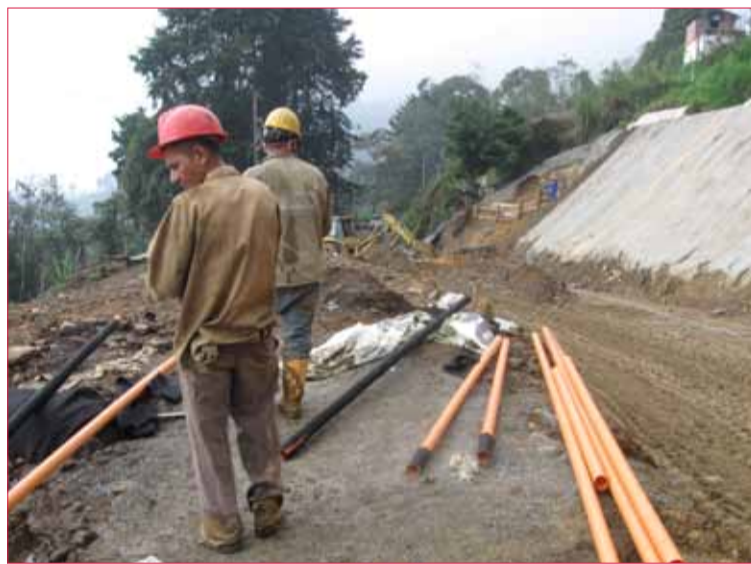
Para la contratación tuvieron en cuenta a las acciones comunales del sector, pero una de las fallas ha sido la alta rotación del personal, que tiene que ser reemplazado por gente de Medellín.

El funcionario explicó que los trabajos que se adelantan no son la solución definitiva para el “Paso Malo”. La Gobernación de Antioquia analizó la posibilidad de ofrecer una solución definitiva al problema en el sector, pero desbordaba cualquier presupuesto oficial. “Algo definitivo costaba entre 80 y 90 mil millones de pesos y por eso se pensó en hacer mejor obras de mitigación como las que hace-
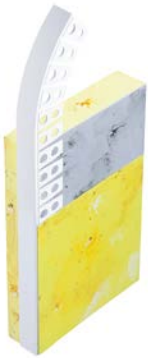
156800 Lichtensteiner Profil Perfekt Rundbogen PVC
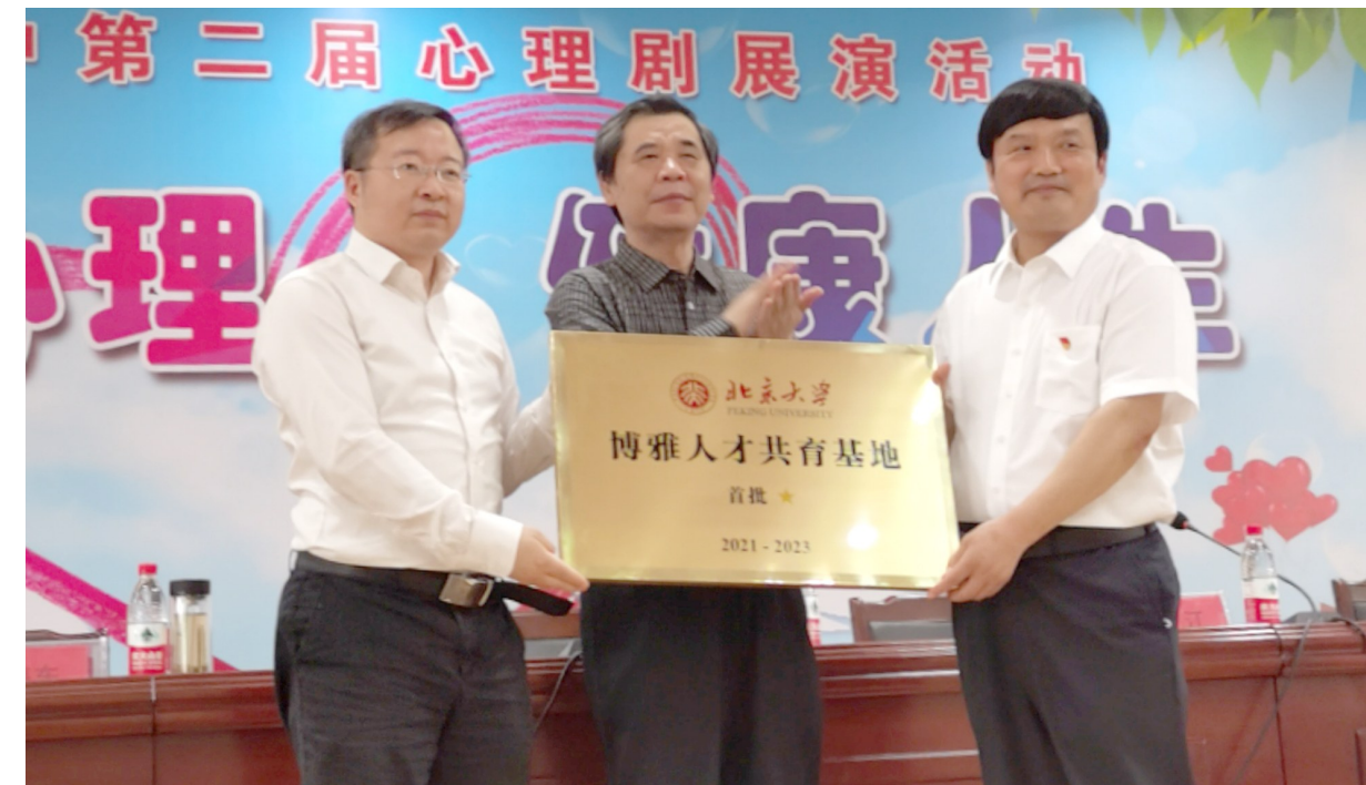
北京大学首批博雅人才共有基地授牌仪式
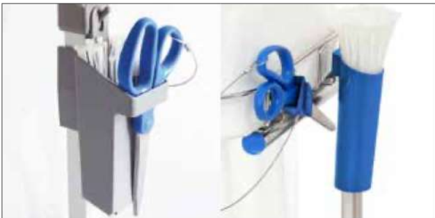
Soporte de presilla para Longopac Stand Classic Estándar, gris. Item no. 30410 Metal detectable, azul. Item no. 30416 El soporte de presilla agiliza el cambio de la bolsa aún más y mantiene la presilla en la posición correcta. Adecuando tanto para Maxi como Mini y viene en dos modelos.
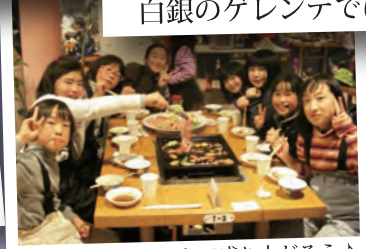
夜は夕食やイベントで盛り上がりよう♪

> How to complete this task
Leave the pictures out. Output exactly, and only, the lines from the one with "Soporte de presilla para" through the last line of the listing above, both included.

> Result
Soporte de presilla para Longopac Stand Classic Estándar, gris. Item no. 30410 Metal detectable, azul. Item no. 30416 El soporte de presilla agiliza el cambio de la bolsa aún más y mantiene la presilla en la posición correcta. Adecuando tanto para Maxi como Mini y viene en dos modelos.
夜は夕食やイベントで盛り上がりよう♪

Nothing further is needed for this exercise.